I've looked into the sleep modes and from what I understood the analog comparator would need to be in IDLE mode, which is the least efficient.
So I replaced the PCI by a Watchdog Timer Interrupt that wake the IC every 125ms. It is also useful to receive data from the nrf24l01 without using the IRQ pin.
I cannot test the current consumption for the moment, but the timer behave as expected. I used MCUSR &= ~(1<<WDRF); from an example of the datasheet, but I have seen it set to 0 in others.
#define WDPS_16MS (0<<WDP3 )|(0<<WDP2 )|(0<<WDP1)|(0<<WDP0)
#define WDPS_32MS (0<<WDP3 )|(0<<WDP2 )|(0<<WDP1)|(1<<WDP0)
#define WDPS_64MS (0<<WDP3 )|(0<<WDP2 )|(1<<WDP1)|(0<<WDP0)
#define WDPS_125MS (0<<WDP3 )|(0<<WDP2 )|(1<<WDP1)|(1<<WDP0)
#define WDPS_250MS (0<<WDP3 )|(1<<WDP2 )|(0<<WDP1)|(0<<WDP0)
#define WDPS_500MS (0<<WDP3 )|(1<<WDP2 )|(0<<WDP1)|(1<<WDP0)
#define WDPS_1S (0<<WDP3 )|(1<<WDP2 )|(1<<WDP1)|(0<<WDP0)
#define WDPS_2S (0<<WDP3 )|(1<<WDP2 )|(1<<WDP1)|(1<<WDP0)
#define WDPS_4S (1<<WDP3 )|(0<<WDP2 )|(0<<WDP1)|(0<<WDP0)

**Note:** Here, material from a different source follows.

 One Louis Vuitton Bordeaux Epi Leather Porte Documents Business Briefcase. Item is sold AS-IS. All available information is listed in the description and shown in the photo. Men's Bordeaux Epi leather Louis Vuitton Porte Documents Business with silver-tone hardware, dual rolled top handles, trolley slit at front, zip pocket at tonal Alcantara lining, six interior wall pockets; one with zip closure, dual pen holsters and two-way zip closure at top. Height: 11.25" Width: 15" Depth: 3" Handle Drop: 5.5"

#define WDPS_8S (1<<WDP3 )|(0<<WDP2 )|(0<<WDP1)|(1<<WDP0)
#define CLIENT_ADDRESS 1
#define SERVER_ADDRESS 2
#include <avr/sleep.h>
#include <RHReliableDatagram.h>
#include <RH_NRF24.h>
#include <SPI.h>
RH_NRF24 driver;
RHReliableDatagram manager(driver, CLIENT_ADDRESS);
const byte XPIN = A1;
const byte YPIN = A2;
const byte ZPIN = A3;
const byte RFLED = 7;
const byte IRLED = 6;
ISR (WDT_vect) { sleep_disable(); }
void setup ()
{
pinMode(XPIN, INPUT);
pinMode(YPIN, INPUT);
pinMode(ZPIN, INPUT);
pinMode(RFLED, OUTPUT);
digitalWrite(RFLED, LOW);
manager.init(); //nrf24
MCUSR &= ~(1<<WDRF); //Clear Watchdog System Reset Flag (WDRF) in MCU Status Register (MCUSR)
WDTCSR = (1<<WDCE)|(1<<WDE); //Set WD Change Enable (WDCE) and WD Enable (WDE) in WD Timer Control Register (WDTCSR) (enter configuration mode)

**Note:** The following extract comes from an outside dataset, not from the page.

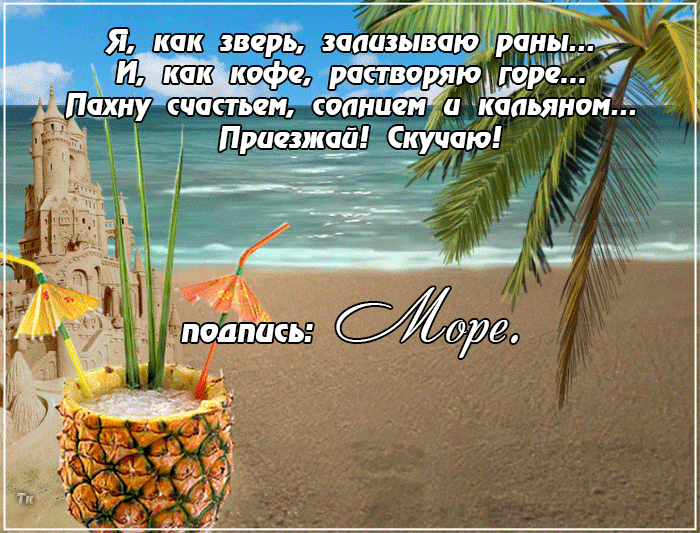 Приезжай! Скучаю! Подпись: МОРЕ.

WDTCSR = (1<<WDIE)|WDPS_125MS; //Set WD Interrupt Enable (WDIE) and WD Pause
}
void loop ()
{
set_sleep_mode (SLEEP_MODE_PWR_DOWN);
sleep_mode ();
rf_listen();
read_input();
}
void read_input()
{
if (digitalRead(ZPIN) == 0) { rf_sendString("Click"); }
else if (analogRead(YPIN) > 700) { rf_sendString("Up"); }
else if (analogRead(YPIN) < 400) { rf_sendString("Down"); }
else if (analogRead(XPIN) > 700) { rf_sendString("Left"); }
else if (analogRead(XPIN) < 400) { rf_sendString("Right"); }
}
void rf_sendString(char str[RH_NRF24_MAX_MESSAGE_LEN])
{
digitalWrite(RFLED, HIGH);
uint8_t rf_data[RH_NRF24_MAX_MESSAGE_LEN];
strcpy((char*)rf_data, str);
manager.sendtoWait(rf_data, sizeof(rf_data), SERVER_ADDRESS);
digitalWrite(RFLED, LOW);
}
void rf_listen()
{
if (manager.available())
{
uint8_t rf_buf[RH_NRF24_MAX_MESSAGE_LEN];
uint8_t len = sizeof(rf_buf);
uint8_t from;
if (manager.recvfromAck(rf_buf, &len, &from))
{
if (!strcmp((char*)rf_buf, "tv"))
{
//Blink IR LED
}
}
}
}